**ASSIGNMENT**
Print verbatim the lines from the beginning of the entries through the line containing "처음 가입한 후 비디오템플릿을", both ends included. Pictures should be left out.

== == ==

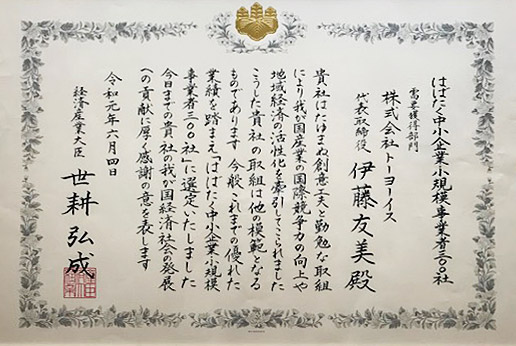 この度、「はばたく中小企業・小規模事業者300社」に選定され、令和元年6月4日、経済産業省にて表彰を受けました。
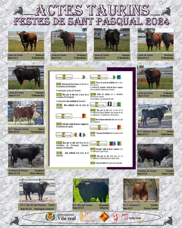L’Ajuntament de Vila-real i la Junta de Festes han presentat el cartell taurí de Sant Pasqual, que suposarà l’exhibició d’11 bous cerrils i dos vaques. Els festejos populars es distribuiran entre els dissabtes 11 i 18 de maig amb l’excepció de diumenge i la jornada en honor al sant.
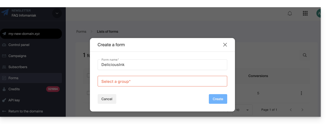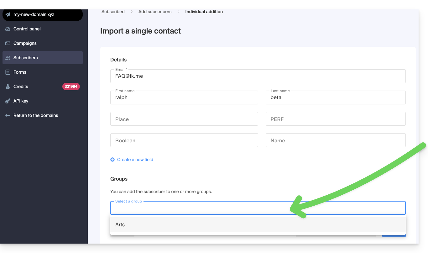 Una volta creato il gruppo, puoi aggiungere un nuovo modulo di iscrizione senza difficoltà e definire quale gruppo deve essere utilizzato per memorizzare i futuri abbonati:
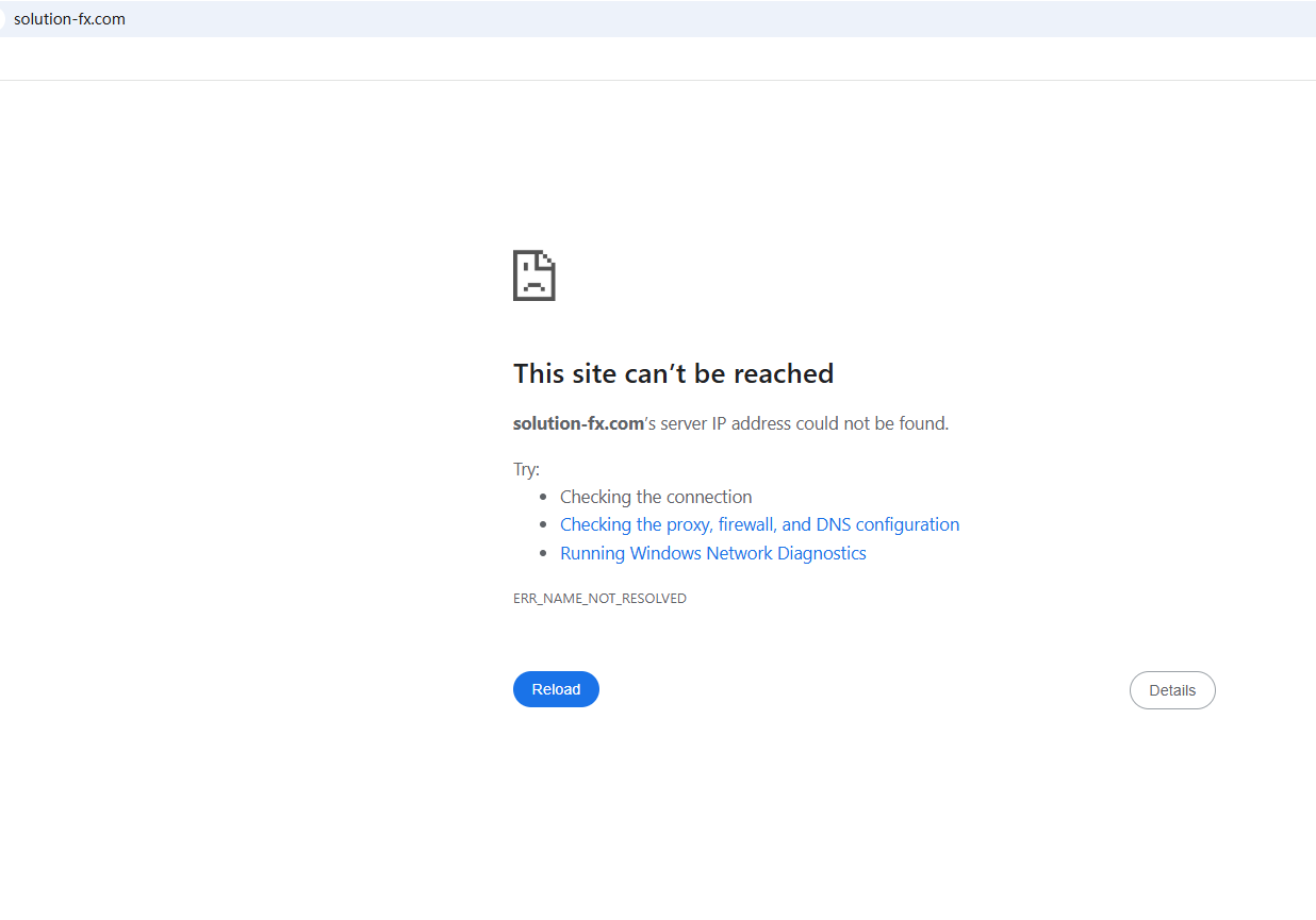 BrokersView found that the domain "https://solution-fx.com/" is currently inaccessible. This is widely regarded as a significant red flag, as the suspension of a broker's website often points to underlying regulatory or operational issues.
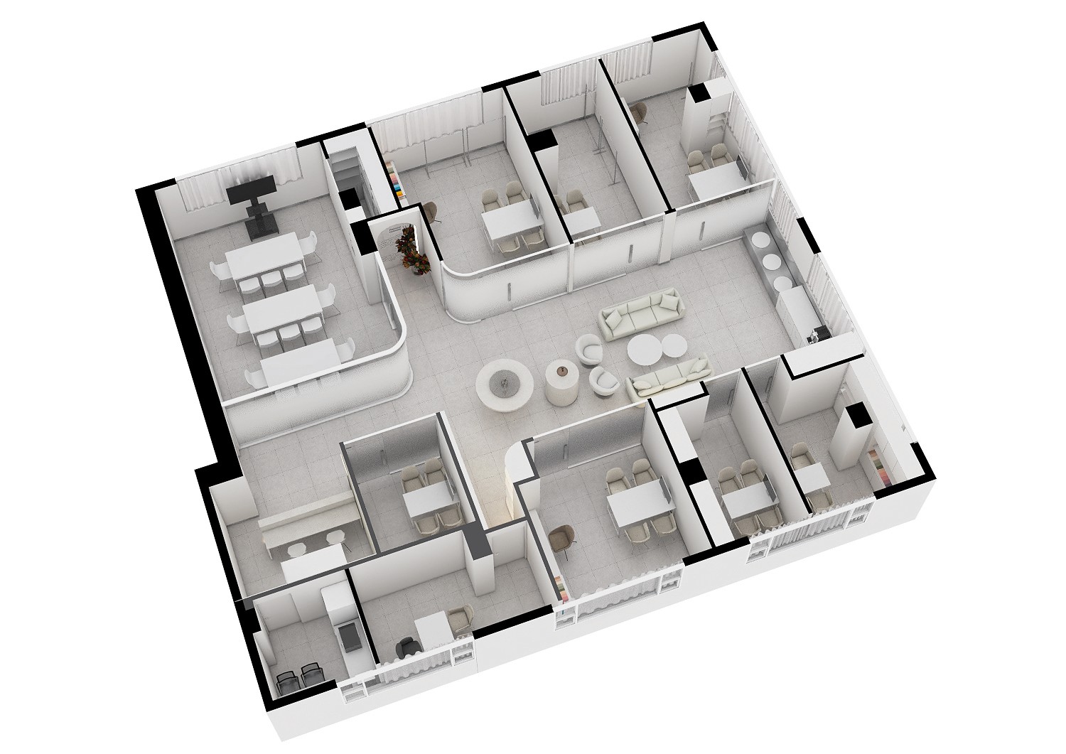 리안디자인그룹의 철학은 실용적이면서도 창의적인 솔루션을 통해 고객의 요구를 충족시키는 데 있습니다. 이 프로젝트에서도 그러한 철학이 잘 반영되었습니다. 공간을 단순히 예쁘게 꾸미는 것이 아니라, 고객이 브랜드의 메시지와 철학을 온전히 느낄 수 있도록 배려했습니다. 예를 들어, 모서리가 없는 부드러운 곡선의 유리벽과 공간 구획은 고객이 공간에서 머무르는 동안 편안함과 안정감을 느낄 수 있도록 의도된 요소입니다.
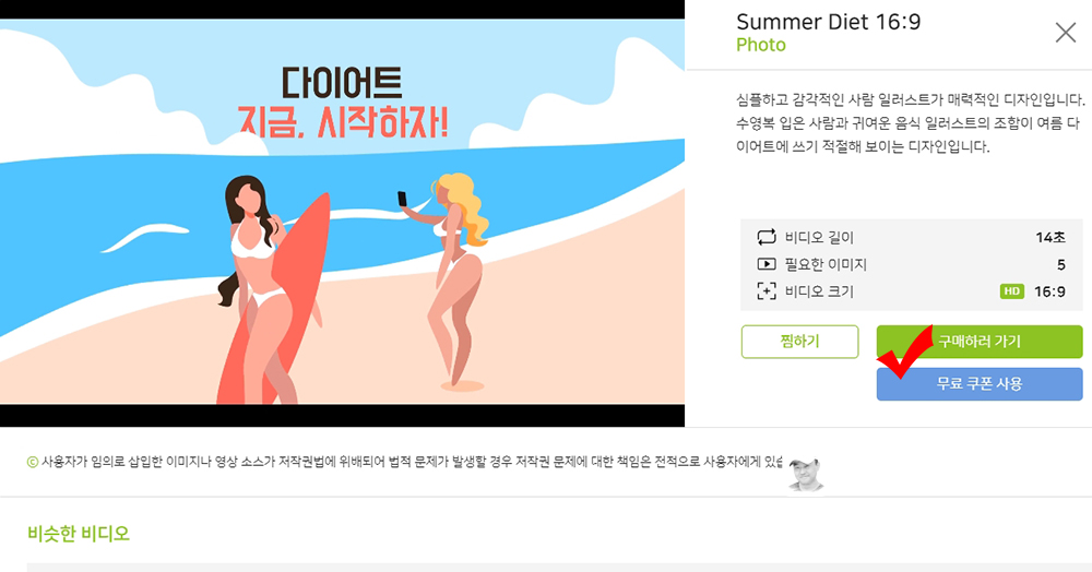 처음 가입한 후 비디오템플릿을 선택하면 [무료 쿠폰 사용] 메뉴를 확인할 수 있다. 제공되는 무료 쿠폰은 8,900원에 해당하는 쿠폰으로 총 2회까지 영상을 제작할 수 있다.
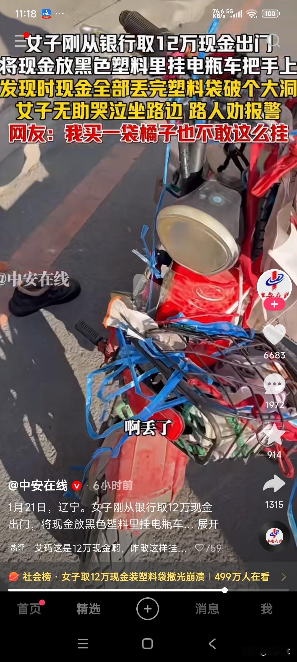 辽宁一女子刚从银行取12万现金出门,将现金装黑色塑料袋里顺便挂在了电瓶车把手上,发现时现金全部丢了塑料袋破个大洞,女子无助坐路边一边哭一边打电话。 这可真是太大意了,刚从银行取出来的12万一会时间就全部丢了,这到底是塑料袋子质量太差自己破了?还是有人看见她把钱装进塑料袋里挂在了车把手上,所以才有了可乘之机,在她不注意的时候顺便把袋子割破拿走了钱,当她发现的时候钱已经不翼而飞了,无助的只能坐在路边哭泣,好心路人劝她赶紧报警。 网友说自己买一袋橘子都不敢挂在车把手上,她居然把12万现金挂在了车把手上,这女子究竟是人太实在了还是她天生就虎呢?希望她能找回丢失的12万块钱吧。
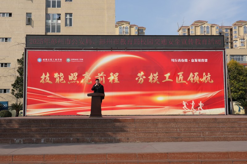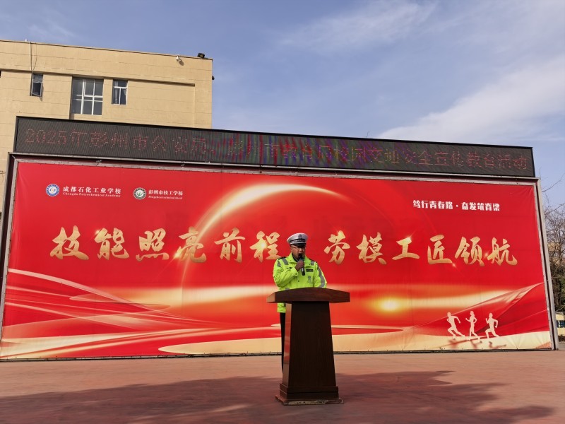 12月25日上午,成都石化工业学校(彭州市技工学校)一场干货满满的校园交通安全宣传教育活动正在火热开展。彭州市公安局交通管理大队副大队长甲乓、彭州市教育局应急管理科谢全伦老师走进校园,以“警示教育+专项宣讲”的真实案例敲响安全警钟,为全校学子送上了一份特殊的“安全大礼”。
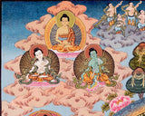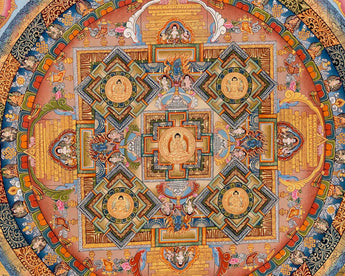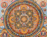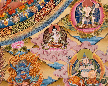 The Buddha Mandala Thangka is a profound representation of Buddhist cosmology, featuring intricate depictions of various deities and symbols. At the center of the mandala sits the Buddha, radiating with serene wisdom and compassion. Above him, the thousand-armed Avalokiteshvara embodies the boundless compassion of the bodhisattva, offering blessings and protection to all sentient beings.
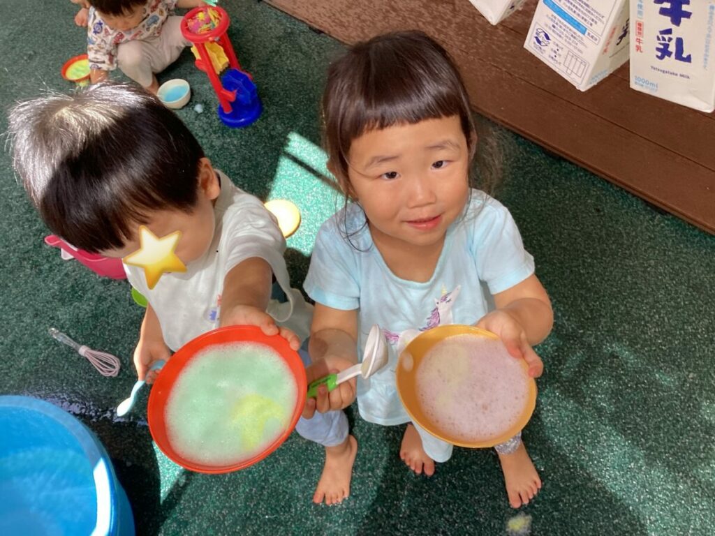 「いちごみたい!」「これはメロン!」など、想像をふくらませながら、泡の感触をじっくり楽しんでいました。

== == ==

**SOLVED PROBLEM**
 この度、「はばたく中小企業・小規模事業者300社」に選定され、令和元年6月4日、経済産業省にて表彰を受けました。
L’Ajuntament de Vila-real i la Junta de Festes han presentat el cartell taurí de Sant Pasqual, que suposarà l’exhibició d’11 bous cerrils i dos vaques. Els festejos populars es distribuiran entre els dissabtes 11 i 18 de maig amb l’excepció de diumenge i la jornada en honor al sant.
 Una volta creato il gruppo, puoi aggiungere un nuovo modulo di iscrizione senza difficoltà e definire quale gruppo deve essere utilizzato per memorizzare i futuri abbonati:
 BrokersView found that the domain "https://solution-fx.com/" is currently inaccessible. This is widely regarded as a significant red flag, as the suspension of a broker's website often points to underlying regulatory or operational issues.
 리안디자인그룹의 철학은 실용적이면서도 창의적인 솔루션을 통해 고객의 요구를 충족시키는 데 있습니다. 이 프로젝트에서도 그러한 철학이 잘 반영되었습니다. 공간을 단순히 예쁘게 꾸미는 것이 아니라, 고객이 브랜드의 메시지와 철학을 온전히 느낄 수 있도록 배려했습니다. 예를 들어, 모서리가 없는 부드러운 곡선의 유리벽과 공간 구획은 고객이 공간에서 머무르는 동안 편안함과 안정감을 느낄 수 있도록 의도된 요소입니다.
 처음 가입한 후 비디오템플릿을 선택하면 [무료 쿠폰 사용] 메뉴를 확인할 수 있다. 제공되는 무료 쿠폰은 8,900원에 해당하는 쿠폰으로 총 2회까지 영상을 제작할 수 있다.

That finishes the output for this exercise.